__TASK OBJECTIVE__
Each entry must come back word for word; drop the images as you go.

(Saved entries)
● ● ● ● ● ● ●

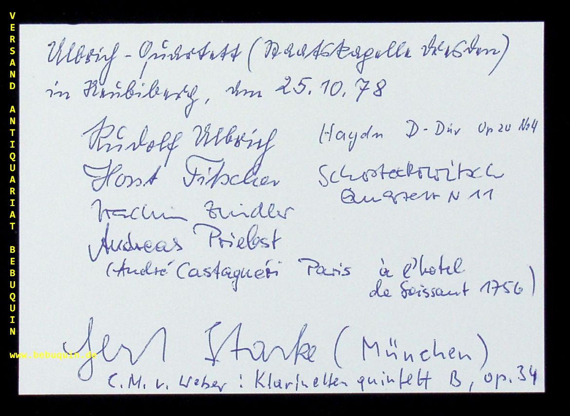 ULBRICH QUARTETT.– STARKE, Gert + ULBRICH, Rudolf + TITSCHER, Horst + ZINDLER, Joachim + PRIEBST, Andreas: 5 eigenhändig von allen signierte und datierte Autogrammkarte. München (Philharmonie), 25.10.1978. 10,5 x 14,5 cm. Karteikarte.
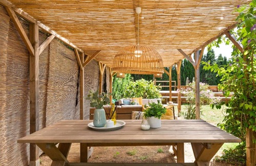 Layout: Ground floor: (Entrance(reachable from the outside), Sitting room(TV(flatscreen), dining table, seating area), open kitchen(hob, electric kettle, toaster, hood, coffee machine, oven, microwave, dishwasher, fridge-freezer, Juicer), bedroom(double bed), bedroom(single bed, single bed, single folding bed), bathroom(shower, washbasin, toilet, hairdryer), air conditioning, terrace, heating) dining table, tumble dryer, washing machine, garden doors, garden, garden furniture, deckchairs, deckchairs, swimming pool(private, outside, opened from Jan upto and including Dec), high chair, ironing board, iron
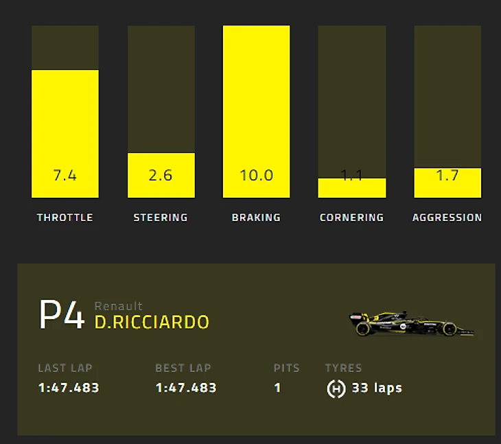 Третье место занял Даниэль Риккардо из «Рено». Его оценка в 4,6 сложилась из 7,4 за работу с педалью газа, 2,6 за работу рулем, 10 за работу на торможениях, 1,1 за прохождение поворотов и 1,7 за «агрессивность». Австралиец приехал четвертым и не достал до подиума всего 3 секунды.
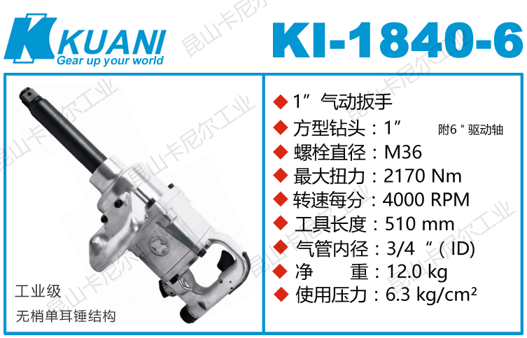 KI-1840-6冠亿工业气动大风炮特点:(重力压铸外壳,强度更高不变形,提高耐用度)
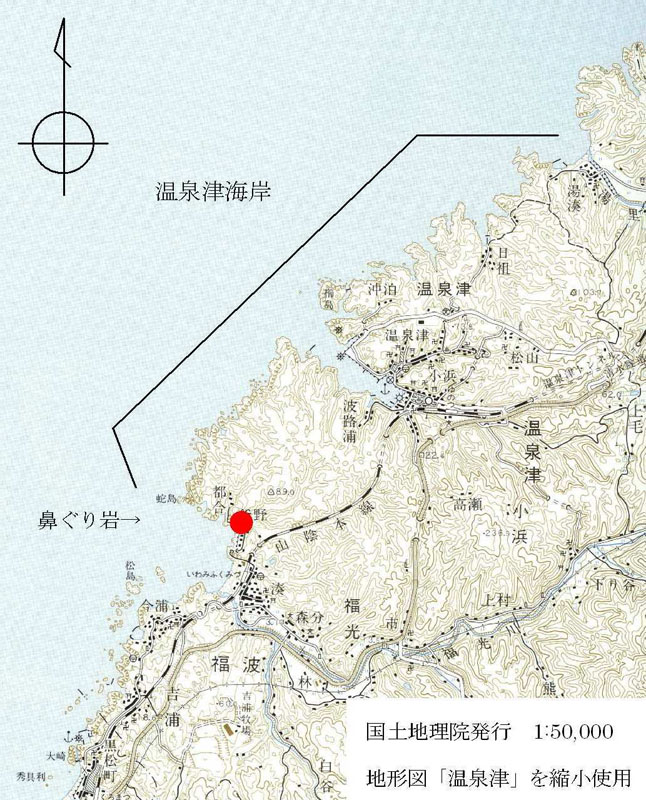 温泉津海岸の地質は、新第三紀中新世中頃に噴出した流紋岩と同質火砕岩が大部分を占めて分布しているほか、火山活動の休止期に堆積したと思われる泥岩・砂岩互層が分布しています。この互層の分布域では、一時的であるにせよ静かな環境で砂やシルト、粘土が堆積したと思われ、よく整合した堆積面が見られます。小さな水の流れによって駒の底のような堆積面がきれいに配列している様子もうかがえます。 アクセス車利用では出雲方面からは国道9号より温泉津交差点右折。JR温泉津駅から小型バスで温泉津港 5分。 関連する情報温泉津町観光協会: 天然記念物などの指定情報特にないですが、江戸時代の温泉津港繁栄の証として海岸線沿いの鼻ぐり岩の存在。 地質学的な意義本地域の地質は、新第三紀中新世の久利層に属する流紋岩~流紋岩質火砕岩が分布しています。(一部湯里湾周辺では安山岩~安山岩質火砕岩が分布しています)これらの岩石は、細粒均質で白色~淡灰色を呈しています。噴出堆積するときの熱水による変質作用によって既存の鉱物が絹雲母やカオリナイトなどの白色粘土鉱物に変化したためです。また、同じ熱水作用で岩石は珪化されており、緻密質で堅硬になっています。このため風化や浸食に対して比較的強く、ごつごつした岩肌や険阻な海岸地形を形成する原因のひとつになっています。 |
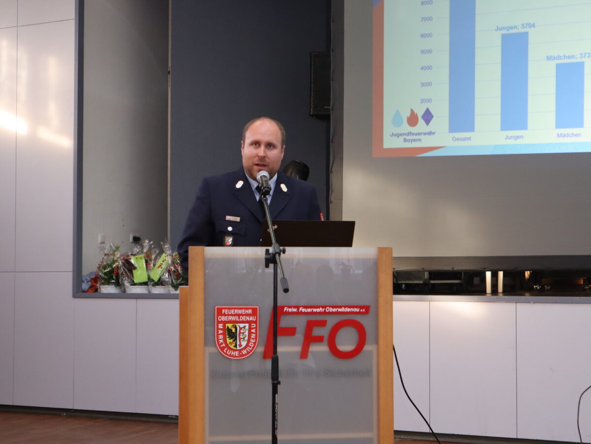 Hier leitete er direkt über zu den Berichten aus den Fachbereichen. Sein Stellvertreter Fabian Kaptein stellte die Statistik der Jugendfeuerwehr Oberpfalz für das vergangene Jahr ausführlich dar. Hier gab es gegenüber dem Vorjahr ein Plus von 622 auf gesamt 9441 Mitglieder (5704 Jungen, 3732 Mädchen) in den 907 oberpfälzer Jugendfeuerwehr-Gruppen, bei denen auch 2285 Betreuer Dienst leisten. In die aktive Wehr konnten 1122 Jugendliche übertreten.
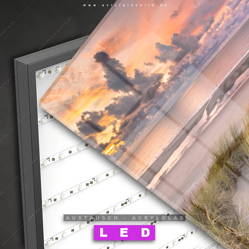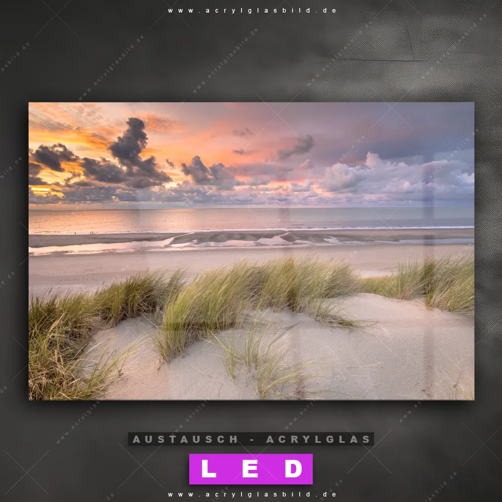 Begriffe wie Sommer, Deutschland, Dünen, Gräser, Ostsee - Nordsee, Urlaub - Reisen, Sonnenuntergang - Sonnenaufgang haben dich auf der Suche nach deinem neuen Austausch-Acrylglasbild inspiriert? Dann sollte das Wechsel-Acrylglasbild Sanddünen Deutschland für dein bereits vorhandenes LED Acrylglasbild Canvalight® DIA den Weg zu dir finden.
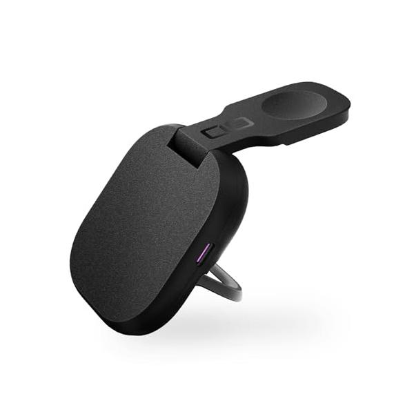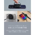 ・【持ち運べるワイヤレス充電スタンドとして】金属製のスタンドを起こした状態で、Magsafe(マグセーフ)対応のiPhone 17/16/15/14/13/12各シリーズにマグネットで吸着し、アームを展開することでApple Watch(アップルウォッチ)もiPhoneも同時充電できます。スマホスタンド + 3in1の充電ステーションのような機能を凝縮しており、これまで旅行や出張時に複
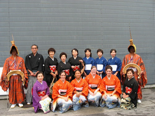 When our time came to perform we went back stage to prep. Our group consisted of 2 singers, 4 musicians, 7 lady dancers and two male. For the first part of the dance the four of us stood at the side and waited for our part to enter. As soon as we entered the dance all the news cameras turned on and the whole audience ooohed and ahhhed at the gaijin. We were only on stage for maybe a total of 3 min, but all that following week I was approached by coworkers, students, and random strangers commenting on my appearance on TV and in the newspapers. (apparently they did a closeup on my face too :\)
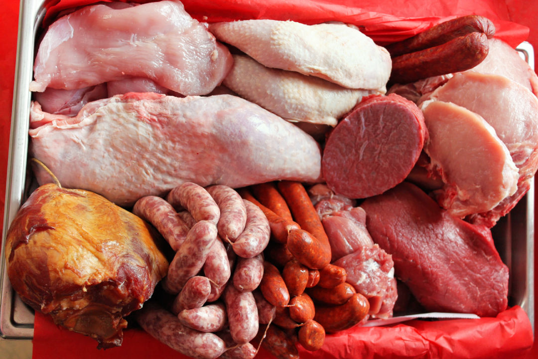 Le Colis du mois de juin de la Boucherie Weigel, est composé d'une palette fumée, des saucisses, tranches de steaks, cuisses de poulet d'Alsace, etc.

● ● ● ● ● ● ●

__TASK OUTPUT__
 ULBRICH QUARTETT.– STARKE, Gert + ULBRICH, Rudolf + TITSCHER, Horst + ZINDLER, Joachim + PRIEBST, Andreas: 5 eigenhändig von allen signierte und datierte Autogrammkarte. München (Philharmonie), 25.10.1978. 10,5 x 14,5 cm. Karteikarte.
 Layout: Ground floor: (Entrance(reachable from the outside), Sitting room(TV(flatscreen), dining table, seating area), open kitchen(hob, electric kettle, toaster, hood, coffee machine, oven, microwave, dishwasher, fridge-freezer, Juicer), bedroom(double bed), bedroom(single bed, single bed, single folding bed), bathroom(shower, washbasin, toilet, hairdryer), air conditioning, terrace, heating) dining table, tumble dryer, washing machine, garden doors, garden, garden furniture, deckchairs, deckchairs, swimming pool(private, outside, opened from Jan upto and including Dec), high chair, ironing board, iron
 Третье место занял Даниэль Риккардо из «Рено». Его оценка в 4,6 сложилась из 7,4 за работу с педалью газа, 2,6 за работу рулем, 10 за работу на торможениях, 1,1 за прохождение поворотов и 1,7 за «агрессивность». Австралиец приехал четвертым и не достал до подиума всего 3 секунды.
 KI-1840-6冠亿工业气动大风炮特点:(重力压铸外壳,强度更高不变形,提高耐用度)
 温泉津海岸の地質は、新第三紀中新世中頃に噴出した流紋岩と同質火砕岩が大部分を占めて分布しているほか、火山活動の休止期に堆積したと思われる泥岩・砂岩互層が分布しています。この互層の分布域では、一時的であるにせよ静かな環境で砂やシルト、粘土が堆積したと思われ、よく整合した堆積面が見られます。小さな水の流れによって駒の底のような堆積面がきれいに配列している様子もうかがえます。 アクセス車利用では出雲方面からは国道9号より温泉津交差点右折。JR温泉津駅から小型バスで温泉津港 5分。 関連する情報温泉津町観光協会: 天然記念物などの指定情報特にないですが、江戸時代の温泉津港繁栄の証として海岸線沿いの鼻ぐり岩の存在。 地質学的な意義本地域の地質は、新第三紀中新世の久利層に属する流紋岩~流紋岩質火砕岩が分布しています。(一部湯里湾周辺では安山岩~安山岩質火砕岩が分布しています)これらの岩石は、細粒均質で白色~淡灰色を呈しています。噴出堆積するときの熱水による変質作用によって既存の鉱物が絹雲母やカオリナイトなどの白色粘土鉱物に変化したためです。また、同じ熱水作用で岩石は珪化されており、緻密質で堅硬になっています。このため風化や浸食に対して比較的強く、ごつごつした岩肌や険阻な海岸地形を形成する原因のひとつになっています。 |
 Hier leitete er direkt über zu den Berichten aus den Fachbereichen. Sein Stellvertreter Fabian Kaptein stellte die Statistik der Jugendfeuerwehr Oberpfalz für das vergangene Jahr ausführlich dar. Hier gab es gegenüber dem Vorjahr ein Plus von 622 auf gesamt 9441 Mitglieder (5704 Jungen, 3732 Mädchen) in den 907 oberpfälzer Jugendfeuerwehr-Gruppen, bei denen auch 2285 Betreuer Dienst leisten. In die aktive Wehr konnten 1122 Jugendliche übertreten.
 Begriffe wie Sommer, Deutschland, Dünen, Gräser, Ostsee - Nordsee, Urlaub - Reisen, Sonnenuntergang - Sonnenaufgang haben dich auf der Suche nach deinem neuen Austausch-Acrylglasbild inspiriert? Dann sollte das Wechsel-Acrylglasbild Sanddünen Deutschland für dein bereits vorhandenes LED Acrylglasbild Canvalight® DIA den Weg zu dir finden.
 ・【持ち運べるワイヤレス充電スタンドとして】金属製のスタンドを起こした状態で、Magsafe(マグセーフ)対応のiPhone 17/16/15/14/13/12各シリーズにマグネットで吸着し、アームを展開することでApple Watch(アップルウォッチ)もiPhoneも同時充電できます。スマホスタンド + 3in1の充電ステーションのような機能を凝縮しており、これまで旅行や出張時に複
 When our time came to perform we went back stage to prep. Our group consisted of 2 singers, 4 musicians, 7 lady dancers and two male. For the first part of the dance the four of us stood at the side and waited for our part to enter. As soon as we entered the dance all the news cameras turned on and the whole audience ooohed and ahhhed at the gaijin. We were only on stage for maybe a total of 3 min, but all that following week I was approached by coworkers, students, and random strangers commenting on my appearance on TV and in the newspapers. (apparently they did a closeup on my face too :\)
 Le Colis du mois de juin de la Boucherie Weigel, est composé d'une palette fumée, des saucisses, tranches de steaks, cuisses de poulet d'Alsace, etc.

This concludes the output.